When United Kingdom voters chose last month to leave the European Union, the popular wisdom was that it was an act of economic self-harm for Britain.
Now it appears that the U.K. may be taking down the continent along with it.
The so-called Brexit, or British exit from the EU, has provoked uncertainty that is hastening the crisis facing Italian banks. That, in turn, has European leaders worried about another continent-wide financial crisis.
Italy’s major banks, including UniCredit and Banca Monte dei Paschi di Siena, are teetering under the weight of the 17 percent of their loans that borrowers have stopped repaying. For some perspective, just 5 percent of Americans’ loans had gone bad at the height of the financial crisis in 2008-2009.
As the Associated Press explains, the Brexit prompted concerns that a “slowdown in trade with Britain would only increase the bad loan problem” in Italy.
The Wall Street Journal noted the Brexit “has compounded the strains on Europe’s banks in general and Italy’s in particular,” threatening to “spark a crisis of confidence in Italian banks.”
As one expert told the outlet:
“Brexit could lead to a full-blown banking crisis in Italy,” said Lorenzo Codogno, former director general at the Italian Treasury. “The risk of a eurozone meltdown is clearly there if Brexit concerns are not immediately addressed.”
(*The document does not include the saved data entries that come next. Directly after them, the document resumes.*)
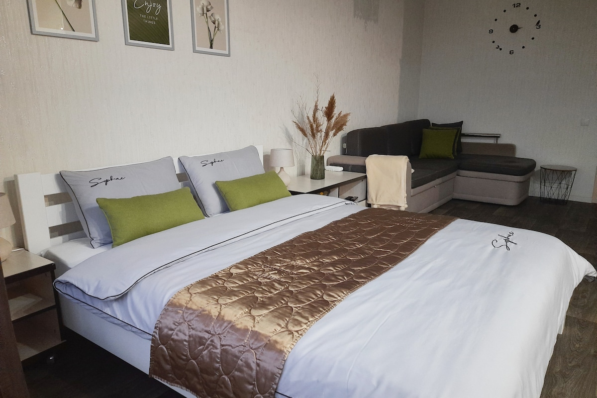 Green studio apartment is situated in the heart of Dnipro city The apartment is on the last 9th floor and the size is about 35 m2 The ceiling height is more than 3 meters, that is why the apartment looks spacious. Soft comfortable bed, fully equipped kitchen including a washing machine and microwave. The brand new and latest QLED model of Samsung smart tv. The bathroom has a shower and separate toilet room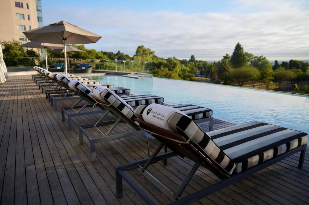 Modern hotel apartment located in the heart of Sandton. Experience true hotel-style living with room service, concierge, gym, spa and other amenities. Unwind and relax in the sun by the large rim-flow pool with a cocktail from the bar, or tuck yourself away in the room with Smart TV and binge on Netflix and Amazon prime. Treat yourself to a late buffet breakfast at the restaurant and a day out shopping or a productive day of work with the uncapped Wifi and downstairs meeting rooms.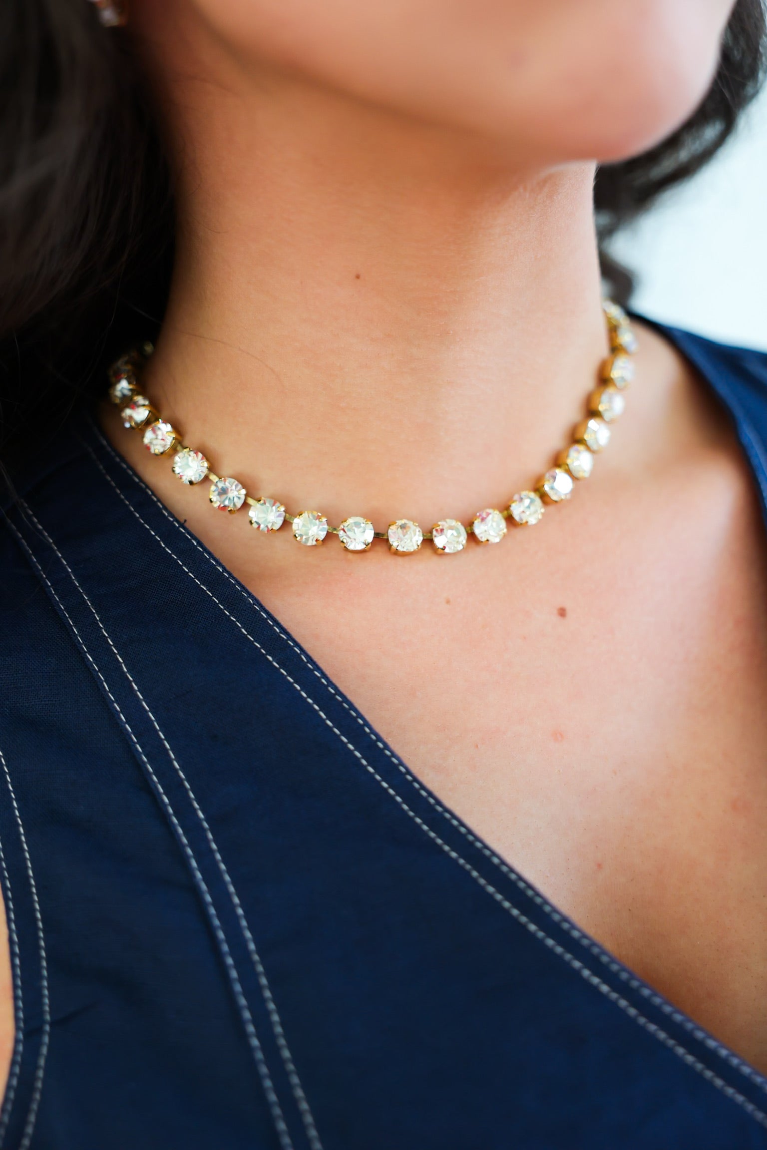 Classic, radiant, and endlessly versatile ✨ The Gold/Clear Oakland Necklace delivers timeless sparkle with a warm gold setting and brilliant clear crystals. This is the ultimate wear-with-everything piece — polished enough for evening, effortless enough for everyday.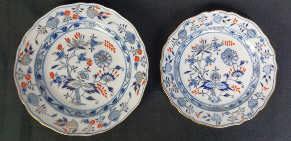 • Meissen - Dois pratos em porcelana alemã, da manufatura de Meissen, esmaltado na cor azul, decorado com fios de ouro, sobre fundo branco, do padrão dito Cebolinha e bordas onduladas. Medindo: 17,5 cm e 19,5 cm.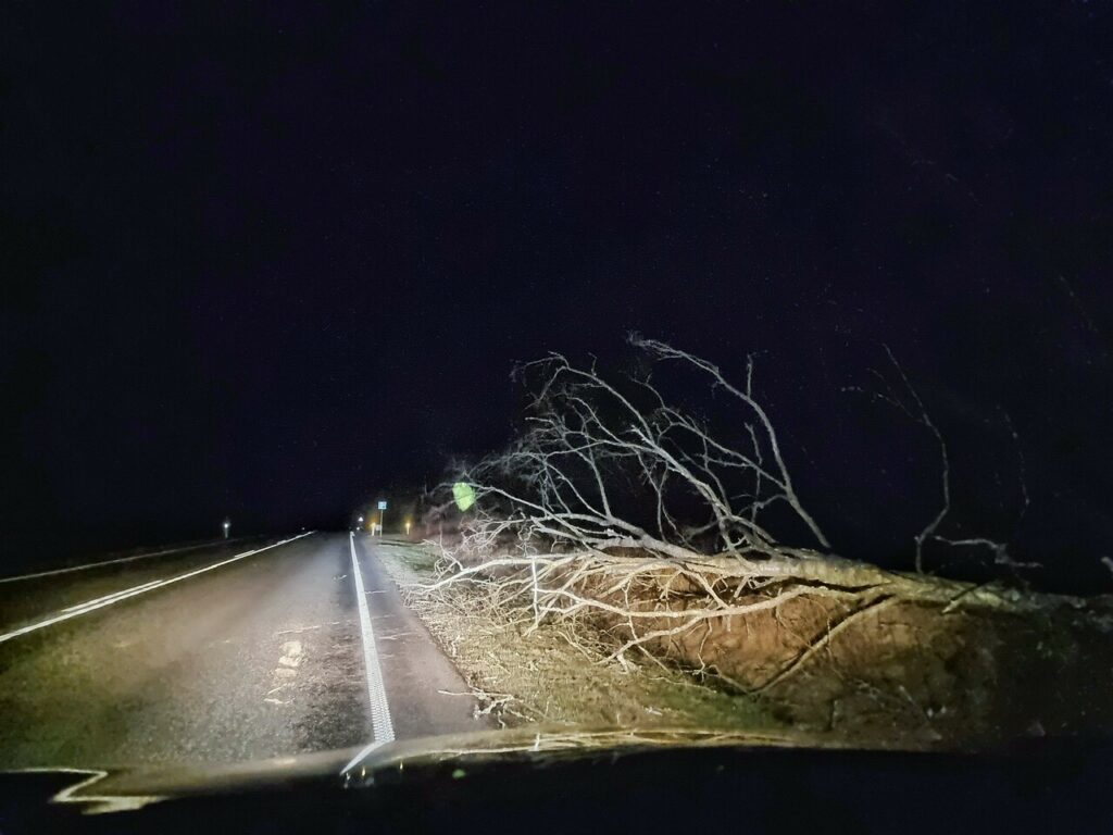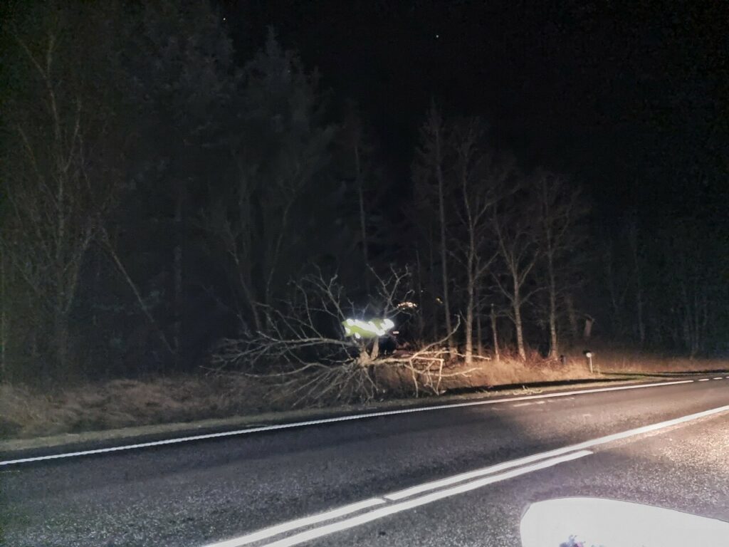 Der er væltet et træ i kanten af vejen ved på Frederikshavnsvej nær Hørmestee ved Sindal. Det er markeret med en refleksvest.

Having exhausted more conventional tools, including a “bad bank” to absorb the non-performing loans, the Italian government wants to bail the banks out. But the European Union, led by the continent’s powerhouse, Germany, has warned the Italian government that doing so would violate EU rules. They want Italy to do a “bail-in” instead, wherein banks take from borrowers’ deposits to shore up their balance sheets. But such a move risks provoking a run on banks, which would require even more extraordinary stop-gap measures.
The crisis in Italian banks is not just about narrow economics. It is about whether the EU will continue to function as a political entity ― or if the Brexit is the first pulled thread in a slow unraveling of the world’s largest single market for goods and services.
So far, Northern European nations have handled the Italian situation the way they dealt with the 2008 financial crisis and its aftermath ― treating issues as the come up in a series of seemingly endless miniature emergencies. Germany, in particular, has been intent on disciplining the financially distressed Southern European nations to avoid future misbehavior, whether it’s the practical course of action or not.
For example, the E.U deferred dramatic intervention in Greece’s debt crisis until the last moment in 2010, when the problem finally became unavoidable. Since then, it has pursued a policy of forcing Greece to take out new loans to pay off its old loans on steeper terms, with only a prolonged recession to show for it.
Many observers in Greece last week said they think the Italian banking crisis is another breaking point for the old approach to punishment and austerity. The rise of various far-right movements across Europe suggests that this approach is not especially popular, they noted with a hint of vindication.